What you have to do
Everything from the line containing "在卧室摆放电视,人舒服地躺在" through the final line below must be output exactly, both ends included, with nothing else and no pictures.

=== Begin Enclosure ===

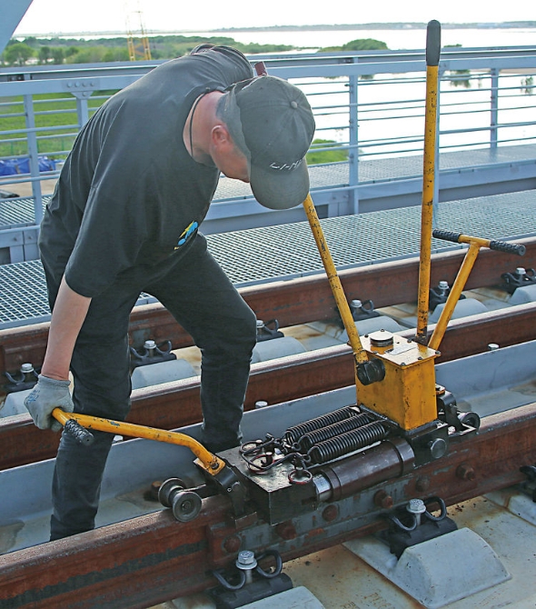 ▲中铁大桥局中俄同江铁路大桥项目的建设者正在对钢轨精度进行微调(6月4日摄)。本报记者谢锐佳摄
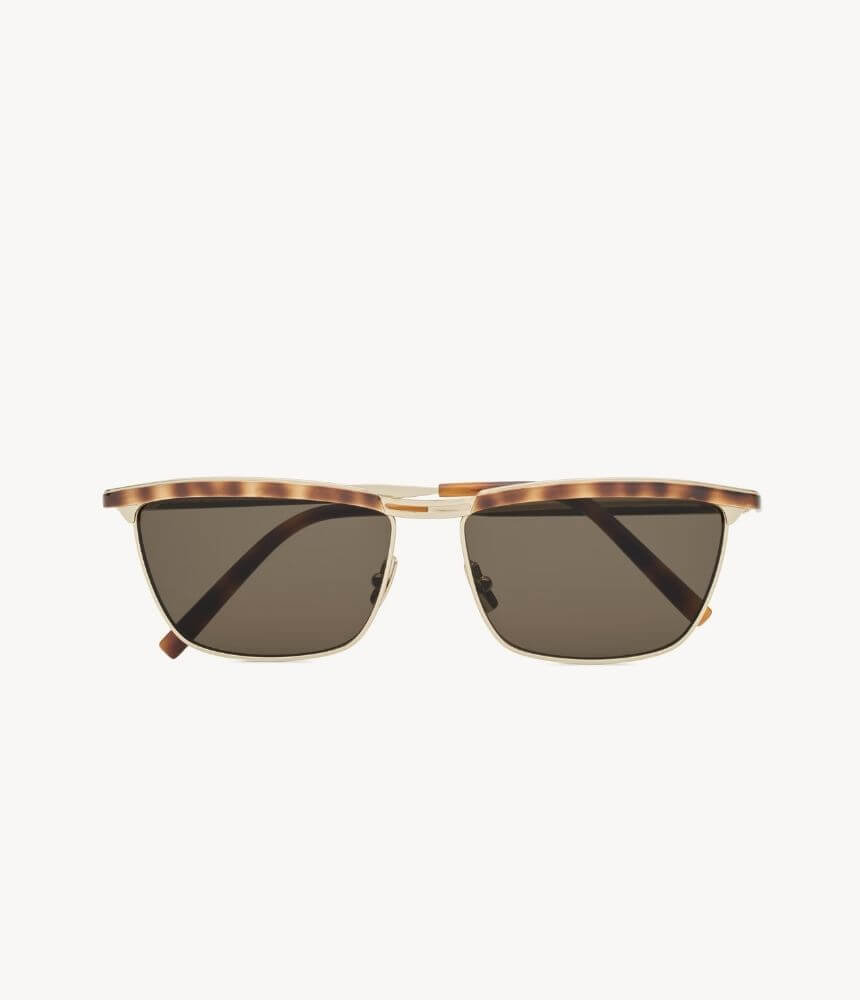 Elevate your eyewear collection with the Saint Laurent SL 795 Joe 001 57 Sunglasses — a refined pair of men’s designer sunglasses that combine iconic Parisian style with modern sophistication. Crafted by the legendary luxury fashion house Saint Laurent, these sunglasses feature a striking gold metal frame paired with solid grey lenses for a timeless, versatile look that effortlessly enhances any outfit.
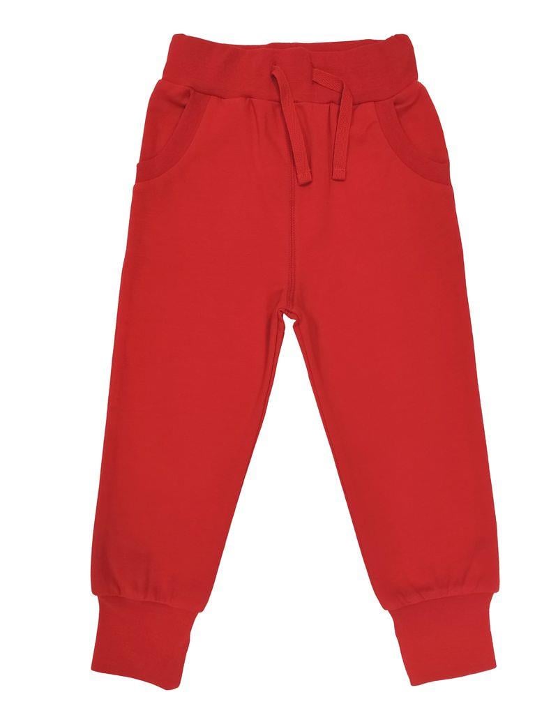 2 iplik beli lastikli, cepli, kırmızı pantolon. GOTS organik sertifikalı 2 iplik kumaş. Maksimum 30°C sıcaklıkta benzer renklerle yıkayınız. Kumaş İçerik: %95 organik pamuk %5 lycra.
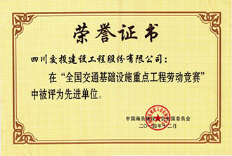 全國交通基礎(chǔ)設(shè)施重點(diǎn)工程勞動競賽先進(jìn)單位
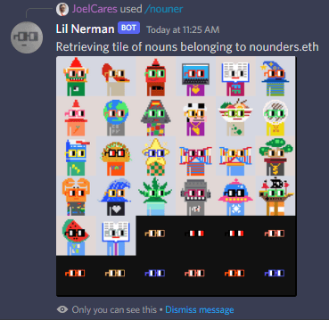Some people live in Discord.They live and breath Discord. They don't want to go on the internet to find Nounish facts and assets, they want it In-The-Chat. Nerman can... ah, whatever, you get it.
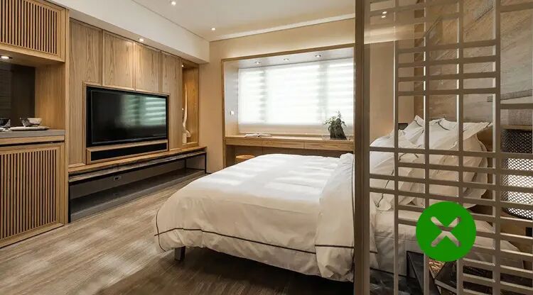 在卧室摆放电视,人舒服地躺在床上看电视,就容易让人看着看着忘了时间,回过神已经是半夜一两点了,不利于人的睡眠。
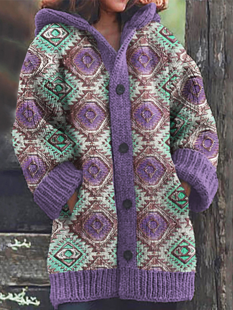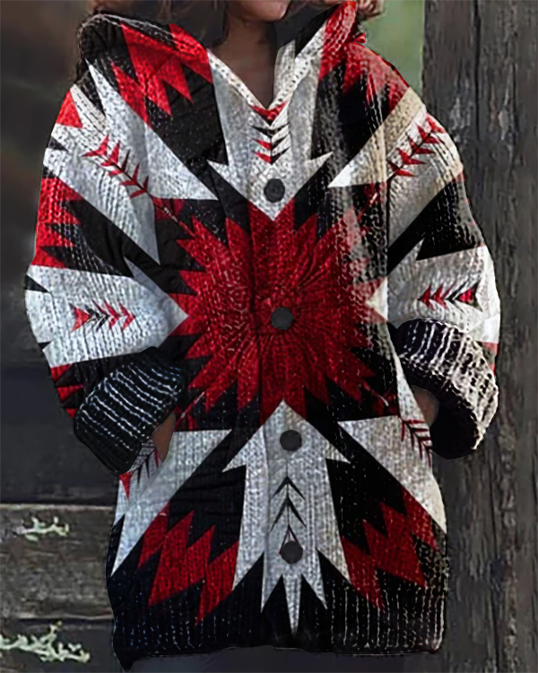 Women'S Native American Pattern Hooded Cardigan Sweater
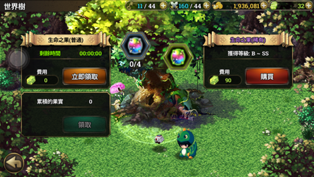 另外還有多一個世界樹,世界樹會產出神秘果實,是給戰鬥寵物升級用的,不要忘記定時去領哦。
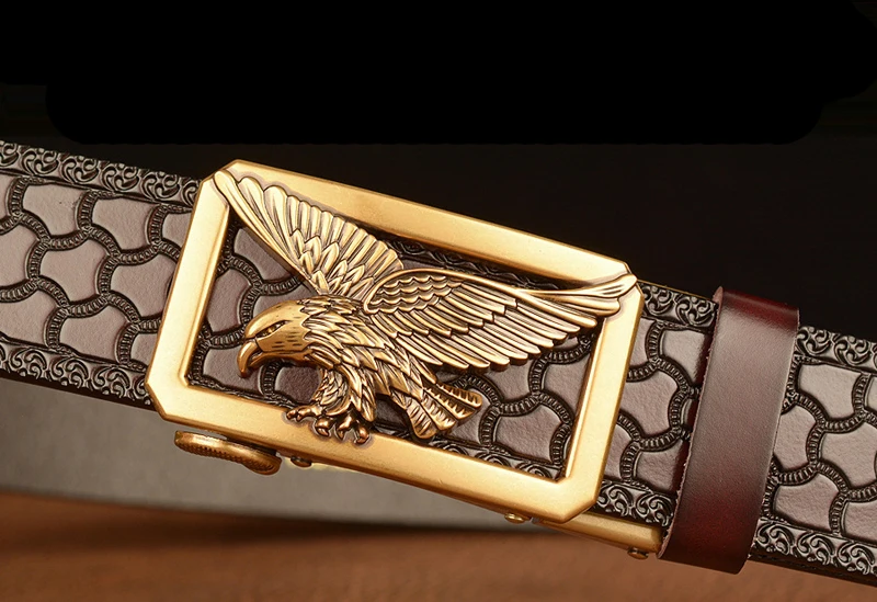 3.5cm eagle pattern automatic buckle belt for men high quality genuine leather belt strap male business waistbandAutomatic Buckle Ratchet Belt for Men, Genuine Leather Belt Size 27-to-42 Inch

=== End Enclosure ===

Result for this task
 在卧室摆放电视,人舒服地躺在床上看电视,就容易让人看着看着忘了时间,回过神已经是半夜一两点了,不利于人的睡眠。
 Women'S Native American Pattern Hooded Cardigan Sweater
 另外還有多一個世界樹,世界樹會產出神秘果實,是給戰鬥寵物升級用的,不要忘記定時去領哦。
 3.5cm eagle pattern automatic buckle belt for men high quality genuine leather belt strap male business waistbandAutomatic Buckle Ratchet Belt for Men, Genuine Leather Belt Size 27-to-42 Inch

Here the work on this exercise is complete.